Na manhã de quinta-feira (5), Hekurari havia prestado depoimento à Polícia Federal dizendo que os yanomamis desaparecidos da aldeia de Aracaçá (em Roraima) haviam sido encontrados.
Mais tarde na quinta, Hekurari soube que parentes seus tinham visto integrantes da Aracaçá em acampamentos de garimpeiros.
Questionado, ele não soube precisar quantos parentes foram encontrados, mas disse que foram vistos no rio Uraricoera, a cerca de 5 km de onde ficava a aldeia.
Hekurari e outras pessoas ouvidas pela reportagem (essas em anonimato) afirmam que a cooptação dos indígenas já era uma possibilidade cogitada por eles, uma vez que os garimpeiros “dominaram tudo” na região do Aracaçá. O medo, agora, é que a aldeia desapareça de vez.
O paradeiro destes yanomamis virou caso de polícia desde que a comunidade foi encontrada queimada, após a Condisi denunciar que uma menina de 12 anos teria sido estuprada e morta por garimpeiros. A Política Federal afirma que não encontrou indícios deste crime.
A reportagem teve acesso a um vídeo, gravado por garimpeiros após a denúncia. “Nós estamos na comunidade do Aracaçá”, diz um integrante do garimpo ilegal. Na gravação, ele questiona os yanomami ao seu redor se é verdade ou mentira que houve uma menina foi morta e estuprada –a resposta, cabisbaixa, é negativa.
Para Hekurari, as imagens são mais uma evidência de que os parentes desaparecidos estão na mão dos garimpeiros. O presidente da Condisi ainda identifica uma das yanomami que aparece nas imagens, e diz que ela vivia na comunidade antes da queimada.
Hekurari diz que, por enquanto, ainda não é possível ter certeza de quem queimou a aldeia, como, nem porquê –os povos são nômades e têm a tradição se mudar quando um parente morre.
Mas afirma que é remota a possibilidade de que os yanomamis tenham feito residência em outro lugar, ou que tenham se mudado para outra comunidade.
“Eu sou yanomami. Eles não fizeram preparo para ir para outro lugar”, afirma, de acordo com o que viu na visita ao local, no fim do mês passado. Segundo ele, o povo tem mesmo a tradição de se mudar a cada cinco ou oito anos, ou então de se esconder no mato por alguns meses caso a comunidade esteja ameaçada.
“A comunidade [de Aracaçá] fica muito isolada. Não tem outra comunidade tão perto, só tem essa. Os yanomami não abandonam suas casas se não estão ameaçados”, completa sobre a possibilidade de estarem junto a alguma outra aldeia.

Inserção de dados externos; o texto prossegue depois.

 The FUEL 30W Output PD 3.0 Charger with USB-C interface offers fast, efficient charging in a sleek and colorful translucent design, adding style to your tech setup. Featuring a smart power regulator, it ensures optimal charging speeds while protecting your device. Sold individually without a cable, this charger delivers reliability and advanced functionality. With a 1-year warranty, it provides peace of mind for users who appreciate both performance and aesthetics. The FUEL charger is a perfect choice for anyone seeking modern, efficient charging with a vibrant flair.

Ele diz ainda que, no momento, está sofrendo ameaças e que não consegue visitar pessoalmente nenhuma das aldeias de seu povo.
Nesta sexta, a Polícia Federal afirmou mais uma vez que não encontrou indícios de estupro na investigação sobre o caso até aqui, mas que as investigações do caso seguem.

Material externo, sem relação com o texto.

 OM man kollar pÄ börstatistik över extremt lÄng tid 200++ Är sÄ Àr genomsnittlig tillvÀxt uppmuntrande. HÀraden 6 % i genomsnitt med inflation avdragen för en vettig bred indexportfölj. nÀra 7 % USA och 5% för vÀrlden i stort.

Hekurari pede para que a apuração dos fatos não diminua de ritmo e afirma que há diversas evidências de que a prática de crimes por parte de garimpeiros é recorrente na região.

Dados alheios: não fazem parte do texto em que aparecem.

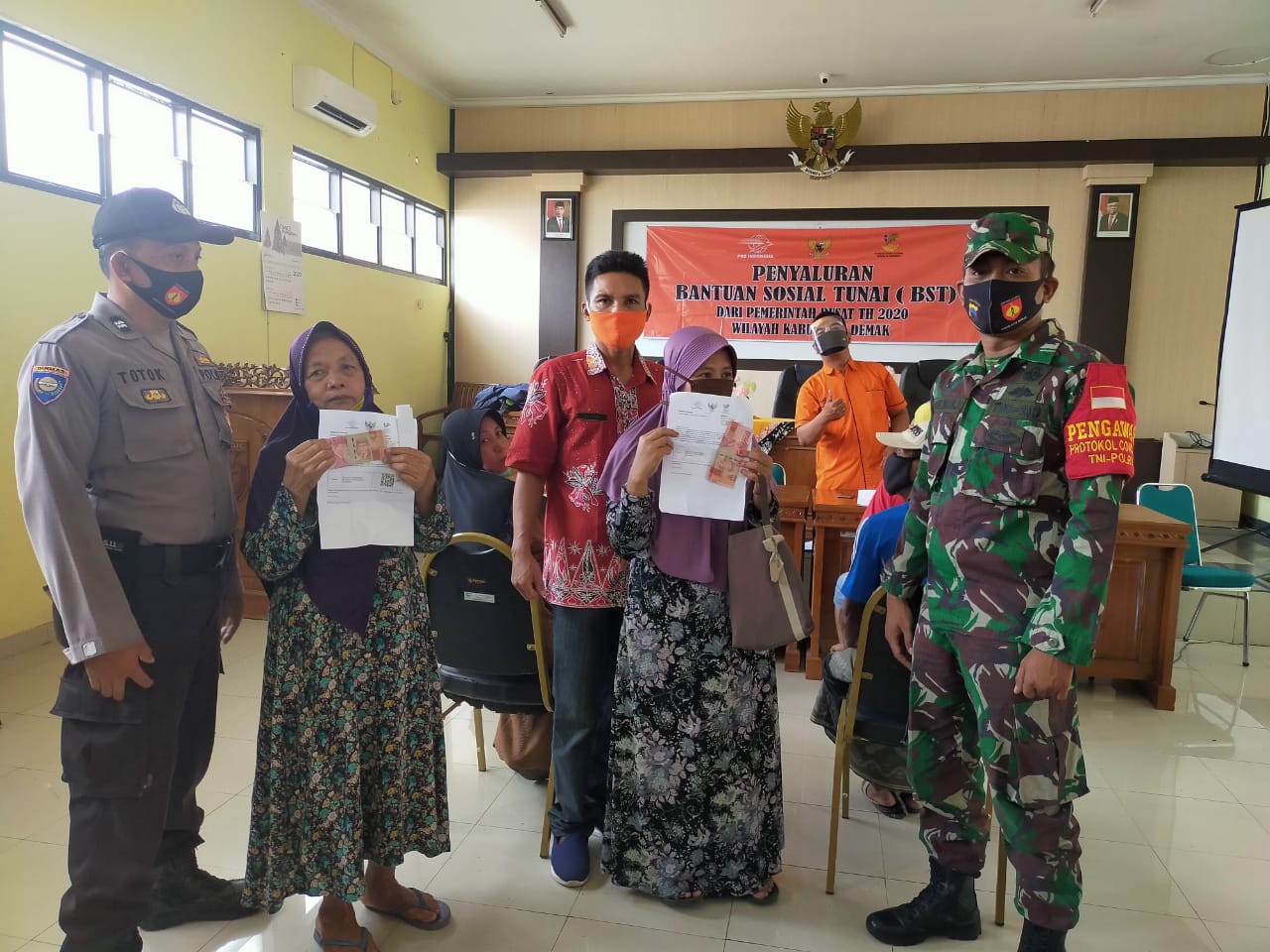 Pada hari Kamis, tanggal 22 Oktober 2020 jam 08.00 bertempat di Ruang Pertemuan Kantor Kecamatan Wedung didakan Penyaluran Bantuan Sosial Tunai dari Kementrian Sosial lewat Kantor POS Kecamatan Wedung Tahap 7 bagi warga Kecamatan Wedung yang terdampak Cobvid 19, pada tahap 7 ini yg diundang hanya 5 desa yaitu, Kenduren, Mandung, Mutih Kulon, Mutih Wetan, Ngawen, kegiatan ini dipimpin oleh Camat Wedung Mulyanto, AP,M.Si didampingi Forkopimcam Kecamatan Wedung dan diikuti oleh warga penerima BST Kemensos se Kecamatan Wedung. Adapun bentuk bantuan ini berupa uang tunai Rp.300.000 per Kepala Keluarga, semoga dengan bantuan ini warga yang terdampak bisa terbantu dan semoga Covid 19 ini bisa cepat hilang.

Ele diz que os testemunhos acerca da compra do silêncio indígena com ouro estão nas mãos das autoridades, assim como outras evidências colhidas por ele e outras lideranças.
“Estamos sozinhos, enquanto os garimpeiros nos dominando, dominando a terra. Estou impedido de visitar meu próprio povo, porque estou ameaçado pelos garimpeiros, eles dominaram a terra. A terra indígena yanomami está sofrendo, não é um caso isolado. Todos conhecem. As terras são invadidas, sofrem ataques. E quando vão investigar tudo isso? Cadê o governo para nos proteger?”, completa.
A violência de garimpeiros contra yanomamis em Roraima não é novidade. Na noite desta quinta-feira (5), por exemplo, a PF prendeu um condenado de participar do massacre do Haximu, ataque do garimpo que deixou 12 indígenas mortos, em 1993.
Em 2021, a região de Palimiú, vizinha de Aracaçá, sofreu ataques de garimpeiros armados. Em 2020, uma decisão do Tribunal Regional Federal determinou que o governo federal retirasse o garimpo ilegal da terra Yanomami em Roraima, o que ainda não aconteceu.